Thursday 1 July 2010

Sunk costs in Kabul

The "sunk cost fallacy" is an important concept in business investment. Here's a definition from The Skeptic's Dictionary:

When one makes a hopeless investment, one sometimes reasons: I can’t stop now, otherwise what I’ve invested so far will be lost. This is true, of course, but irrelevant to whether one should continue to invest in the project. Everything one has invested is lost regardless. If there is no hope for success in the future from the investment, then the fact that one has already lost a bundle should lead one to the conclusion that the rational thing to do is to withdraw from the project.

It's a concept that has applications outside the business world. The UK's new Defence Secretary is guilty of a sunk cost fallacy in his approach to the Afghanistan conflict. According to The Guardian, Fox says Britain would be betraying the sacrifices of its fallen soldiers if it left "before the job is finished".
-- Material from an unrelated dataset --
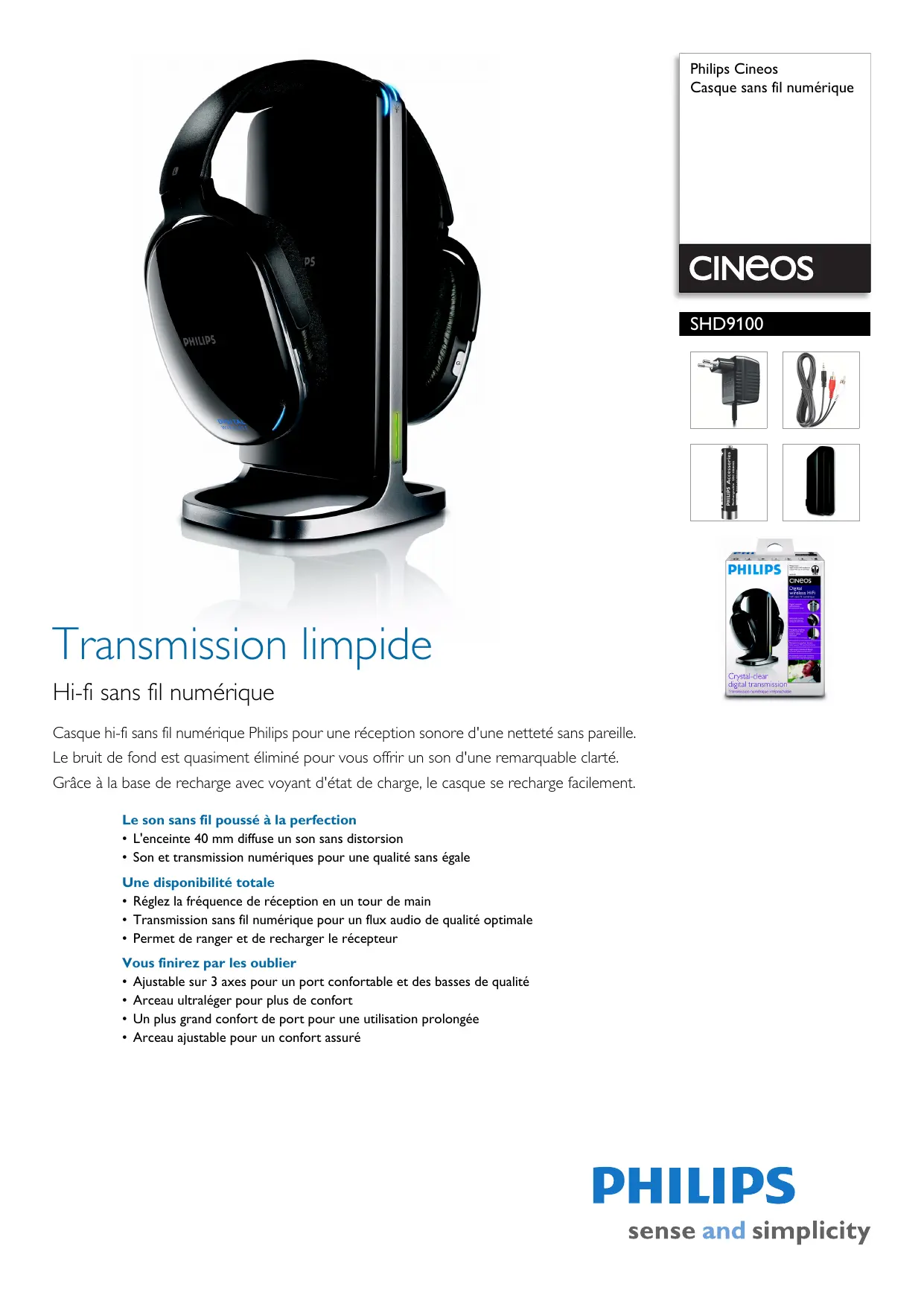 - Arceau ajustable pour un confort assuré SHD9100/00 Casque sans fil numérique Caractéristiques Points forts Accessoires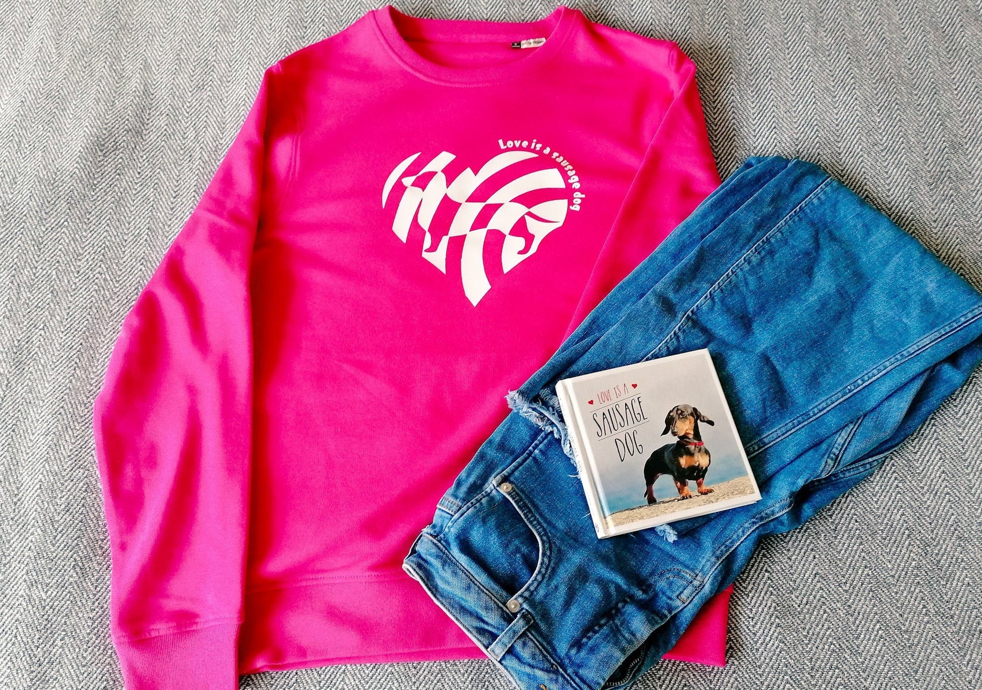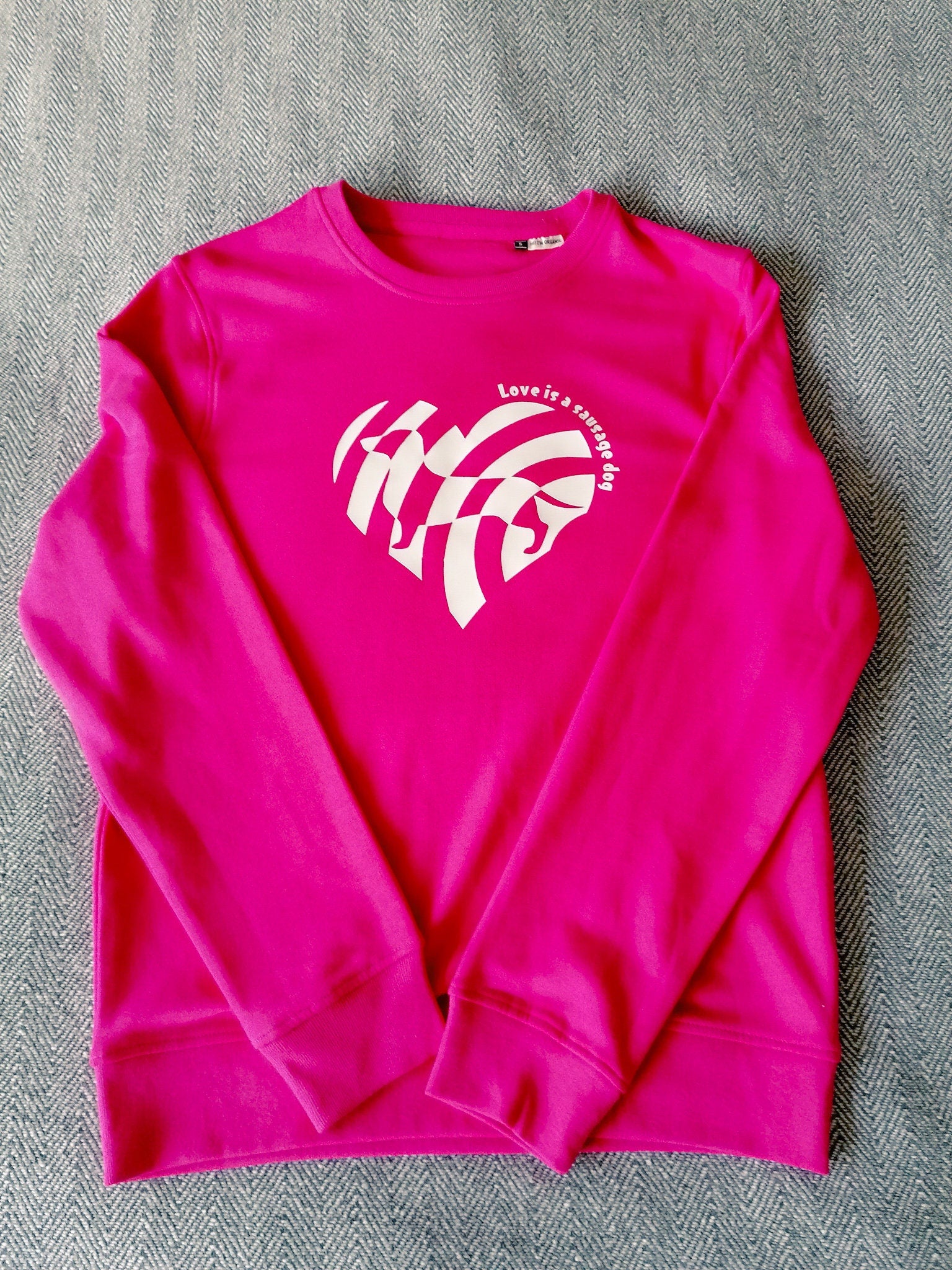 Vibrant and unique dachshund design on a 100% organic cotton sweatshirt. For sausage dog owners and sausage dog lovers.

There are plenty of precedents. Let's go back to The Skeptic's Dictionary:

To continue to invest in a hopeless project is irrational. Such behavior may be a pathetic attempt to delay having to face the consequences of one's poor judgment. The irrationality is a way to save face, to appear to be knowledgeable, when in fact one is acting like an idiot. For example, it is now known that Lyndon Johnson kept committing thousands and thousands of U.S. soldiers to Vietnam after he had determined that the cause was hopeless and that the U.S. would not win the war (McMaster 1998: 309).

Read it and weep, Liam. "Pathetic attempt"? "Acting like an idiot"? Not the kind of feedback you want, is it, but it's what you'll get if you persist in sacrificing the future in a doomed attempt to expiate the errors of the past.